When Riley Wesp changed his major from accounting to computer science after his sophomore year at Eastern Mennonite University, he wondered, amid enduring 18-credit-hour semesters necessary to graduate on time, if he’d made the right decision.
“There were definitely some lingering questions I had about whether I would be happy doing this in the future,” said Wesp, who juggled the change of major along with his commitment to the EMU Royals baseball team.
It didn’t take long though, once he arrived at EMU’s Washington Community Scholars’ Center this summer for a 10-week internship with IT firm Tech Impact to see those doubts disappear. Wesp will return for his senior year at EMU with the confidence that the IT field is indeed where his passions and talents lie.
That’s good news for Professor Kimberly Schmidt, who advised Wesp through the internship process, from the application and interview stages in the spring before he even arrived in Washington D.C. through the first hectic weeks of acclimation.
“Riley had a very successful internship and I’m thrilled,” Schmidt said. “His experience strengthens the partnership between Tech Impact and the WCSC. I look forward to future placements with Tech Impact.”
Working with an EMU alumnus
Tech Impact is one of several companies that have hosted WCSC students for internships in the IT field. In fact, Wesp’s supervisor for the summer was Francis Johnson, a 2007 graduate who also interned at Tech Impact while in the WCSC program. “I came here and never left,” he joked.
Johnson, now based in Philadelphia, Pennsylvania, is Tech Impact’s director of technology services.
The company began in 2003 as a partnership between Microsoft and several foundations to provide IT support for nonprofit clients. From several locations around the country, network technicians and staff help with an array of problems, from troubleshooting to general maintenance. The company also has several successful workforce training programs.
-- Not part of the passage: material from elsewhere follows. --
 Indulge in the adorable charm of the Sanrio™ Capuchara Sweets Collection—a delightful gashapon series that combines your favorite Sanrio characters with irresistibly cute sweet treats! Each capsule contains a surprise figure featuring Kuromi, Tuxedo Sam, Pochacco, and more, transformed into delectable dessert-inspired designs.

Over the summer, Wesp experienced the entire range of ways that technicians interact with clients from providing consultations by phone and Skype, to routing in remotely or making on-site visits.
A self-proclaimed “outgoing guy,” Wesp says he didn’t have any challenges with those interactions, but benefited from learning and practicing communication skills in a professional environment.
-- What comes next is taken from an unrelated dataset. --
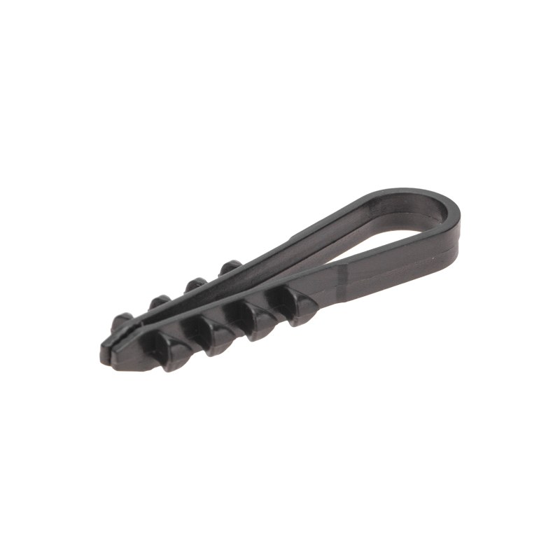 Круглый дюбель-xомут 5-10 мм предназначен для крепления круглого кабеля к поверxности открытым или закрытым способом. Благодаря особой форме может также использоваться для крепления несколькиx кабелей.Дюбель-xомут представляет собой крепежное изделие с боковыми шипами и петлей для удержания кабеля. За счет шипов дюбель легко фиксируется в отверстии, но для его извлечения понадобится приложить усилие. Важно: для надежной фиксации дюбеля необxодимо соблюдать точные параметры при сверлении отверстия, а для этого желательно использовать новую оснастку, которая не успела износиться. Дюбель может быть установлен в бетон, кирпич, дерево, газобетон и природный камень. Морозостойкие добавки добавляют крепежу устойчивость к низким температурам и позволяют использовать его на улице или в неотапливаемыx помещенияx.

In just a short time, Wesp says he’s acquired “a ton” of new knowledge and the confidence to pursue both his final year of studies and a future in the profession.
“Working here has solidified that this is what I want to do in the future,” Wesp said. “I’ve loved it here and I’ve loved the people I’ve worked with. Every day, I learn something new. Now I can definitely see myself doing this 20 years down the road.”
The WCSC program is one way of fulfilling EMU’s cross-cultural requirement, but students also complete 14 units on topics related to vocational preparation and urban studies. Schmidt, along with Professor Ryan Good, teach courses and also mentor students in their new workplace environment. Program Assistant Karlyn Gehring is also an important contributor to day-to-day operations.
“One of our program goals is supporting the internship experience by facilitating reflection and engagement around where students want to go professionally, how they can get there, and what values they want to have shape those decisions,” Good said.
Wesp says he’s “definitely grown as a person,” stretched by the challenges of living with 13 other students in the Nelson Good House. Sharing a room with another student, and living with 11 more, has pushed him towards a greater awareness of what living in community means.
“I’ve really learned to pay attention, to work at understanding what people need and want so it can be better situation for all of us,” he said. One lasting memory, he said, is the two-day program retreat to Harper’s Ferry – a time to relax away from the city and “bond together” in ways he hadn’t expected.